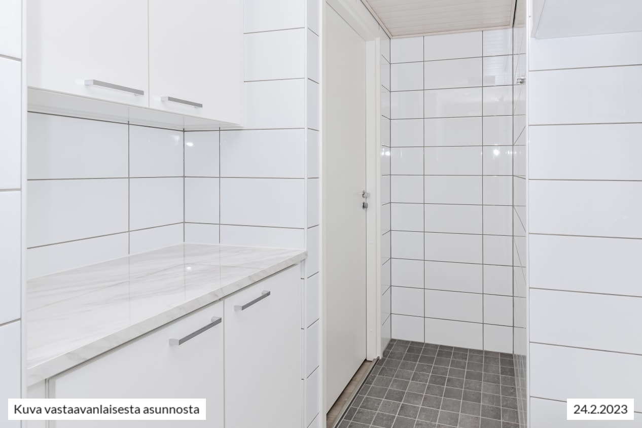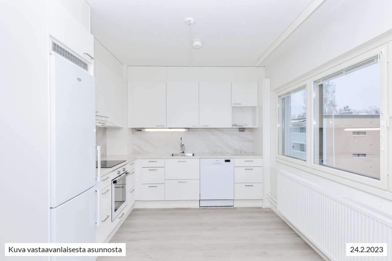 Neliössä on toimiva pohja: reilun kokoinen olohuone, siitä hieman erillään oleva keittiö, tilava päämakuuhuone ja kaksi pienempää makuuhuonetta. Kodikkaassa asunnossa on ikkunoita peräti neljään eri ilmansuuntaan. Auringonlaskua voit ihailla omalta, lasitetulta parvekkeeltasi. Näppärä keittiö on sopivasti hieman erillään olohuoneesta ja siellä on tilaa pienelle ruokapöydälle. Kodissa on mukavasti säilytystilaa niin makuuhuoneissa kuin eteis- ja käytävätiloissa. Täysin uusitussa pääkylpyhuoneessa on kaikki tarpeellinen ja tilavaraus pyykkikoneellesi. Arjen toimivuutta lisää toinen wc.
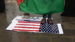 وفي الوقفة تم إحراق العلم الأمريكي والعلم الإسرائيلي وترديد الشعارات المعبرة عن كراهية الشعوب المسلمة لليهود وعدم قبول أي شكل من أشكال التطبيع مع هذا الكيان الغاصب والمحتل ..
┄┄┄┄┄┄
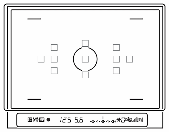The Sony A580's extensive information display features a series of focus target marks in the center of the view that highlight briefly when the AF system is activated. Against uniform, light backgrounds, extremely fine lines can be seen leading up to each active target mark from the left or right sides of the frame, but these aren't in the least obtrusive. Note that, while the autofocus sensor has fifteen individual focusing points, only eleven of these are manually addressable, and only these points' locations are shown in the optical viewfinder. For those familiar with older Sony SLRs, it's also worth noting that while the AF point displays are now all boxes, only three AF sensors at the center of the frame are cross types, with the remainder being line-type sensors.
┄┄┄┄┄┄
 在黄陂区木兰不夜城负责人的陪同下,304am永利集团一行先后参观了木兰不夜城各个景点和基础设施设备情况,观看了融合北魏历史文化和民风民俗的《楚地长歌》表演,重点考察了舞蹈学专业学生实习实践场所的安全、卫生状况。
┄┄┄┄┄┄
# [TASK TO CARRY OUT]
Without the pictures, set down the lines above from the line with "Neliössä on toimiva" up to and including the line with "وفي الوقفة تم" exactly as they stand.

# [RESPONSE]
 Neliössä on toimiva pohja: reilun kokoinen olohuone, siitä hieman erillään oleva keittiö, tilava päämakuuhuone ja kaksi pienempää makuuhuonetta. Kodikkaassa asunnossa on ikkunoita peräti neljään eri ilmansuuntaan. Auringonlaskua voit ihailla omalta, lasitetulta parvekkeeltasi. Näppärä keittiö on sopivasti hieman erillään olohuoneesta ja siellä on tilaa pienelle ruokapöydälle. Kodissa on mukavasti säilytystilaa niin makuuhuoneissa kuin eteis- ja käytävätiloissa. Täysin uusitussa pääkylpyhuoneessa on kaikki tarpeellinen ja tilavaraus pyykkikoneellesi. Arjen toimivuutta lisää toinen wc.
 وفي الوقفة تم إحراق العلم الأمريكي والعلم الإسرائيلي وترديد الشعارات المعبرة عن كراهية الشعوب المسلمة لليهود وعدم قبول أي شكل من أشكال التطبيع مع هذا الكيان الغاصب والمحتل ..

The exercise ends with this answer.